Stay safe out there & make sure you use OPSEC.
iMessage
iMessage is Apple’s instant messaging service. It works across Macs, iPhones, and iPads. Using it on Android is hard because Apple uses a special end-to-end encryption system in iMessage that secures the messages from the device they’re sent on, through Apple’s servers, to the device receiving them. Because the messages are encrypted, the iMessage network is only usable by devices that know how to decrypt the messages. Here’s what the document says it can access for iMessage:
* Message content limited.
* Subpoena: Can render basic subscriber information.
* 18 USC §2703(d): Can render 25 days of iMessage lookups and from a target number.
* Pen Register: No capability.
* Search Warrant: Can render backups of a target device; if target uses iCloud backup, the encryption keys should also be provided with content return. Can also acquire iMessages from iCloud returns if target has enabled Messages in iCloud.
Line
Line is a freeware app for instant communications on electronic devices such as smartphones, tablets, and personal computers. In July 2016, Line Corporation turned on end-to-end encryption by default for all Line users, after it had earlier been available as an opt-in feature since October 2015. The document notes on Line:
* Message content limited.
* Suspect’s and/or victim’s registered information (profile image, display name, email address, phone number, LINE ID, date of
registration, etc.)
* Information on usage.
* Maximum of seven days’ worth of specified users’ text chats (Only when end-to-end encryption has not been elected and
applied and only when receiving an effective warrant; however, video, picture, files, location, phone call audio and other such
data will not be disclosed).
Signal
Signal is a cross-platform centralized encrypted instant messaging service. Users can send one-to-one and group messages, which can include files, voice notes, images and videos. Signal uses standard cellular telephone numbers as identifiers and secures all communications to other Signal users with end-to-end encryption. The apps include mechanisms by which users can independently verify the identity of their contacts and the integrity of the data channel. The document notes about Signal:
* No message content.
* Date and time a user registered.
* Last date of a user’s connectivity to the service.
This seems to be consistent with Signal’s claims.
Telegram
Telegram is a freeware, cross-platform, cloud-based instant messaging (IM) system. The service also provides end-to-end encrypted video calling, VoIP, file sharing and several other features. There are also two official Telegram web twin apps—WebK and WebZ—and numerous unofficial clients that make use of Telegram’s protocol. The FBI document says about Telegram:
* No message content.
* No contact information provided for law enforcement to pursue a court order. As per Telegram’s privacy statement, for
confirmed terrorist investigations, Telegram may disclose IP and phone number to relevant authorities.
Threema
Threema is an end-to-end encrypted mobile messaging app. Unlike other apps, it doesn’t require you to enter an email address or phone number to create an account. A user’s contacts and messages are stored locally, on each user’s device, instead of on the server. Likewise, your public keys reside on devices instead of the central servers. Threema uses the open-source library NaCl for encryption. The FBI document says it can access:
* No message content.
* Hash of phone number and email address, if provided by user.
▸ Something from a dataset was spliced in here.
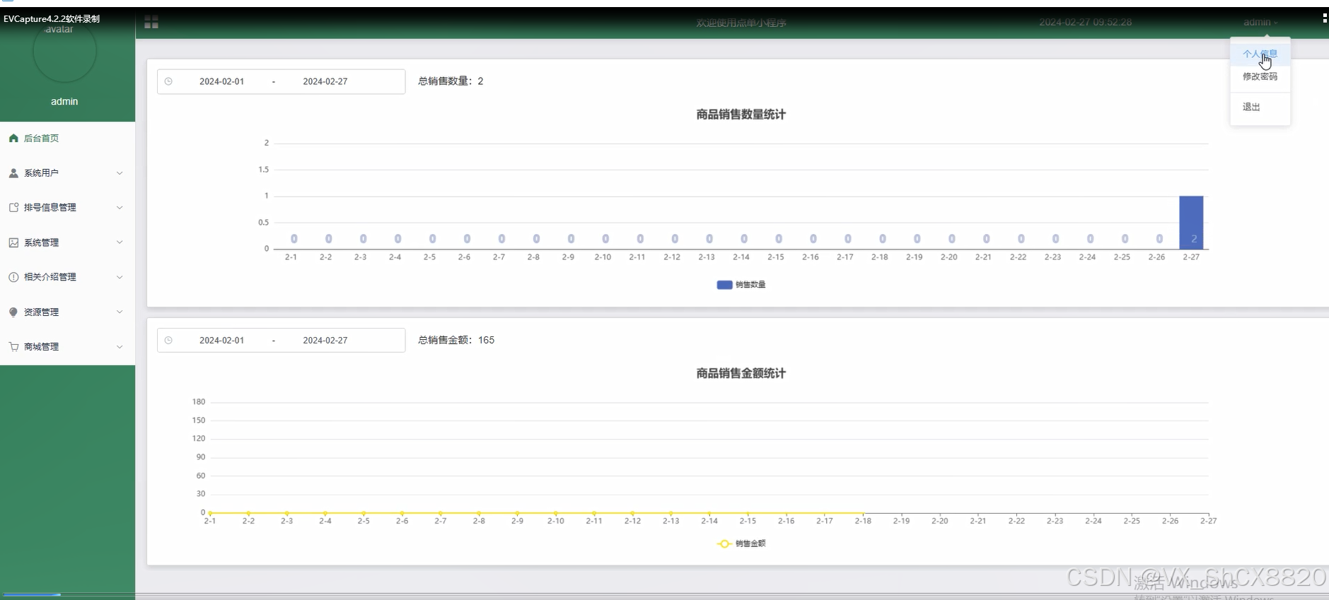 后台首页:管理员登录后可以访问后台首页,以查看系统的整体运行情况,包括订单数量、销售情况、排号信息、系统消息等数据统计信息。

* Push Token, if push service is used.
* Public Key
* Date (no time) of Threema ID creation.
* Date (no time) of last login.
Viber
Viber is a cross-platform messaging app that lets you send text messages, and make phone and video calls. Viber’s core features are secured with end-to-end encryption: calls, one-on-one messages, group messages, media sharing and secondary devices. This means that the encryption keys are stored only on the clients themselves and no one, not even Viber itself, has access to them. The FBI notes:
* No message content.
* Provides account (i.e. phone number)) registration data and IP address at time of creation.
* Message history: time, date, source number, and destination number.
WeChat is a Chinese multi-purpose instant messaging, social media and mobile payment app. User activity on WeChat has been known to be analyzed, tracked and shared with Chinese authorities upon request as part of the mass surveillance network in China. WeChat uses symmetric AES encryption but does not use end-to-end encryption to encrypt users messages. The FBI has less access than the Chinese authorities and can access:
* No message content.
* Accepts account preservation letters and subpoenas, but cannot provide records for accounts created in China.
* For non-China accounts, they can provide basic information (name, phone number, email, IP address), which is retained for as long as the account is active.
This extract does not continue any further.